この辺はベテランの村田元一投手が救援主体で8勝と健闘しましたが、佐藤進投手と渋谷誠司投手が共に0勝。打者も豊田泰光氏、小渕泰輔氏が年齢的限界を迎え、この年は新旧交代の時期でした。

で、サンケイはこれにてヤクルトに球団経営を完全譲渡。この辺はヤクルトとサンケイでどんな話があったのでしょうかしらね〜?サンケイが挫折したのか?ヤクルトが「俺らに任せろ」と言ったのか?


そして1970年、現在の『ヤクルトアトムズ』に球団名を変更していますが、国鉄スワローズからヤクルトスワローズになるまで、10年で球団名が5回変わってます。


サンケイスワローズ(1965年)
    ↓
サンケイアトムズ(1966~1968年)
    ↓
アトムズ(1969年)
    ↓
ヤクルトアトムズ(1970~1973年)
    ↓
ヤクルトスワローズ(1974年~)


そして同年、後に正捕手になる初優勝時のメンバー!大矢明彦氏が入団。1971年には若松勉氏、1972年には安田猛投手、水谷新太郎氏、杉浦亨氏、1973年には鈴木康二朗投手が新たに加入しています。

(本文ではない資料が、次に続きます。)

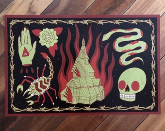 Hde Burning Church Poster Art Print Henry Derek Elis
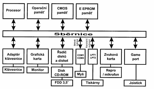Mezi jednotlivými částmi počítače (mezi procesorem a paměťmi, mezi procesorem a přídavnými zařízeními) musí být zařízení, které plní funkci komunikačního prostředku. O to se stará sběrnice, která zajisťuje přenos :
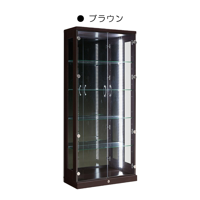 コレクションボード 完成品 幅70cm LEDライト ショーケース コレクションケース リビング収納 フィギュア ブラウン
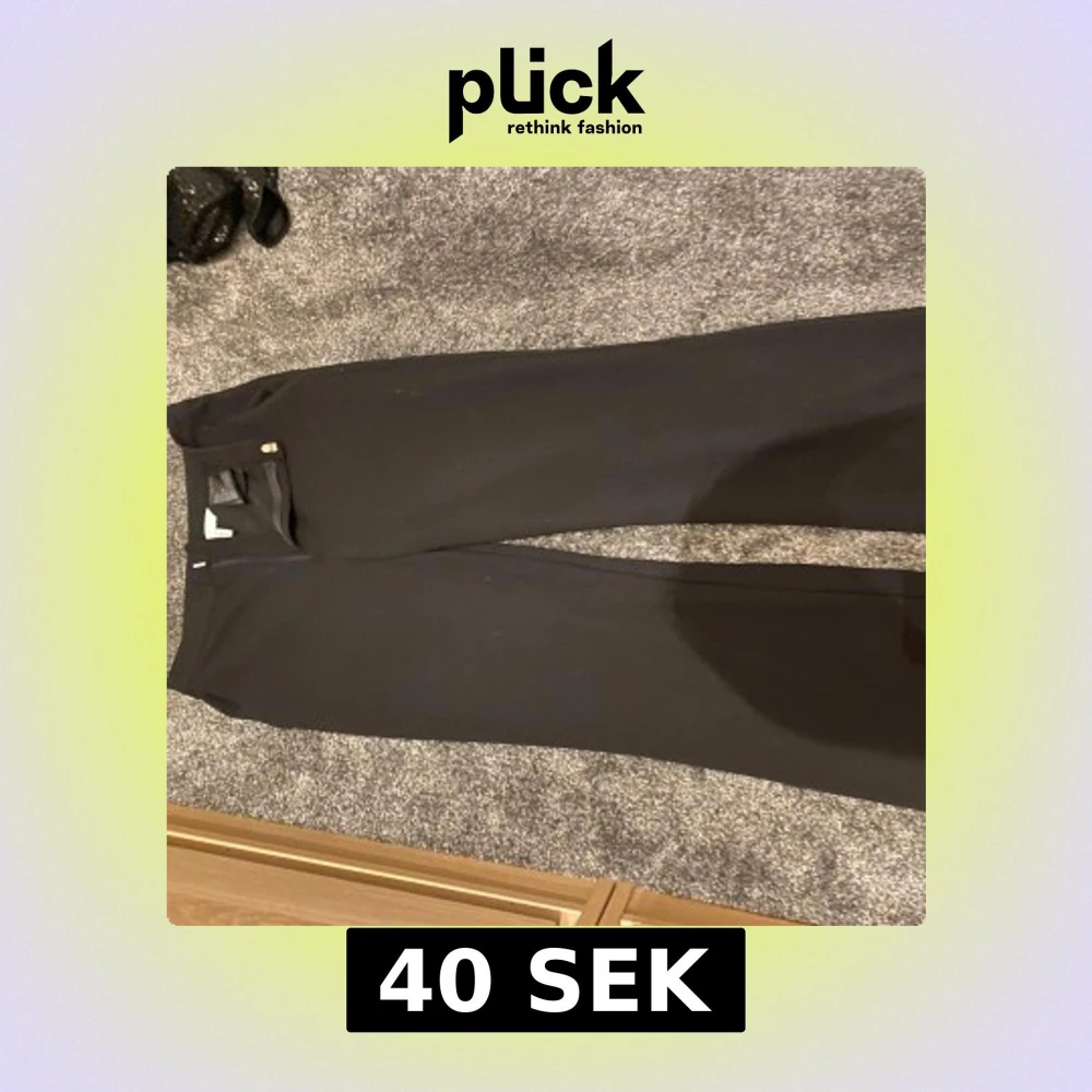 Säljer ett par svarta kostymbyxor i storlek XS. Byxorna har en klassisk rak passform och är tillverkade i ett mjukt material som känns bekvämt hela dagen. Perfekta för en clean och stilren look.
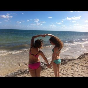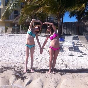 Worn once!! True to size. Dries out super easy and looks cute on most body types!
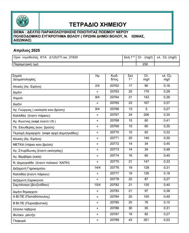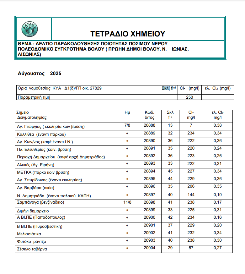 Έτσι λοιπόν στην Καλλιθέα τα χλωριόντα είναι στα 234mg/l, στον Άγιο Κωνσταντίνο στα 22, στην Πλατεία Ελευθερίας στα 220, στην περιοχή του Δημαρχείου στα 223, στη ΜΕΤΚ στα 227, στον Άγιο Σπυρίδωνα στα 229, στην Αγ. Βαρβάρα στα 206, στη Ν. Δημητριάδα στα 144, στον Σαμπάναγα 238, στο Διμήνι στα 225, στην Α ΒΙΠΕ στα 234, στη Β ΒΙΠΕ στα 229, στα Μελισσιάτικα 232 και στο Φυτόκο στα 238mg/l.
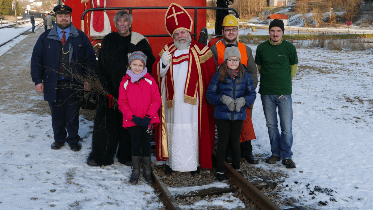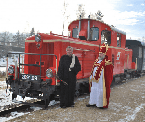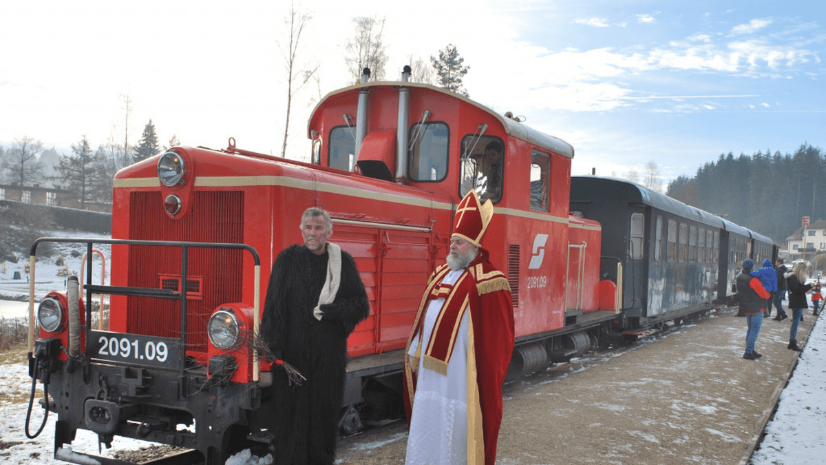 During the ride through the pre-Christmas landscape, Santa Claus and Krampus board the train and distribute gifts. Mulled wine, children's punch, and sausages provide a comforting warmth.
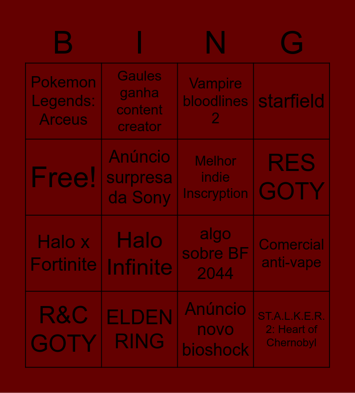 This bingo card has 16 words: ELDEN RING, Comercial anti-vape, Vampire bloodlines 2, Pokemon Legends: Arceus, Halo x Fortinite, Gaules ganha content creator, algo sobre BF 2044, Anúncio novo bioshock, Free!, Anúncio surpresa da Sony, R&C GOTY, starfield, Halo Infinite, RES GOTY, Melhor indie Inscryption and ST.A.L.K.E.R. 2: Heart of Chernobyl.
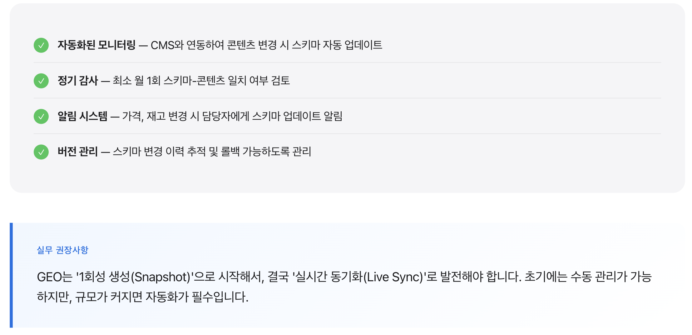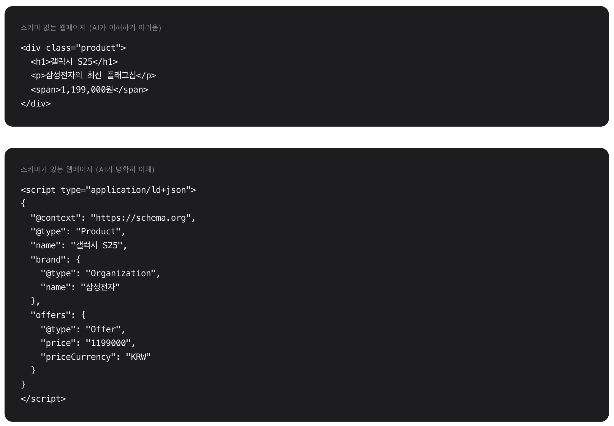 두 번째 예시에서 AI는 “삼성전자”가 브랜드이고, “갤럭시 S25″가 제품명이며, 가격이 “1,199,000원”이라는 것을 명확히 이해합니다. 이러한 명확성이 AI 인용의 가능성을 높입니다.
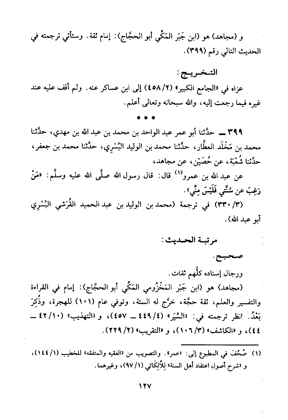 ٣٩٩ - حدَّثنا أبو عمر عبد الواحد بن محمد بن عبد اللَّه بن مهدي، حدَّثنا محمد بن مَخْلَد العطَّار، حدَّثنا محمد بن الوليد البُسْرِي، حدَّثنا محمد بن جعفر، حدَّثنا شُعْبَة، عن حُصَيْن، عن مجاهد،
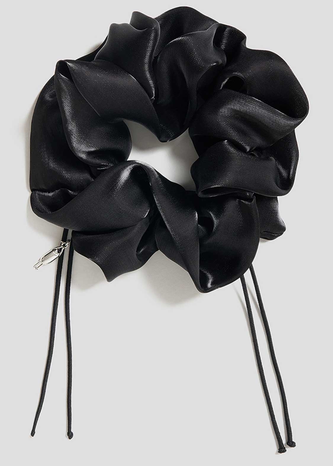 これ,とってもかわいいです!職場の同僚にも好評でした^^ ドローコードがよい感じでアクセントになり,シャドーのチャームもいいアクセントになってます。通常のシュシュはつける時に最低でも2回程度シュシュをまく感じにしなければならず,その過程でシュシュのくしゅくしゅ感が失われますが,このシュシュはいわゆる型崩れなく綺麗にシュシュ感が保ててとてもかわいいです!年齢関係なく使用できると思います。
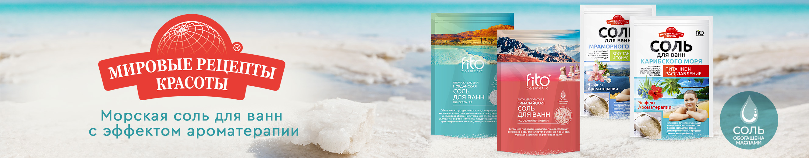 Удивительные морские соли серии ""Мировые рецепты красоты"" с эффектом ароматерапии - это уникальная возможность окунуться в морские глубины в любой момент времени. Продлите ощущение лета, солнца и счастья.

更には1972年、読売ジャイアンツ西鉄ライオンズで活躍していた船田和英氏を金銭トレードで獲得。1975年からは大杉勝男氏をトレードで獲得。

アメリカから1976年にチャーリー・マニエル、1978年にデーブ・ヒルトンを獲得。1978年の広岡達朗監督の元初優勝した時のメンバーは、こうして揃いました。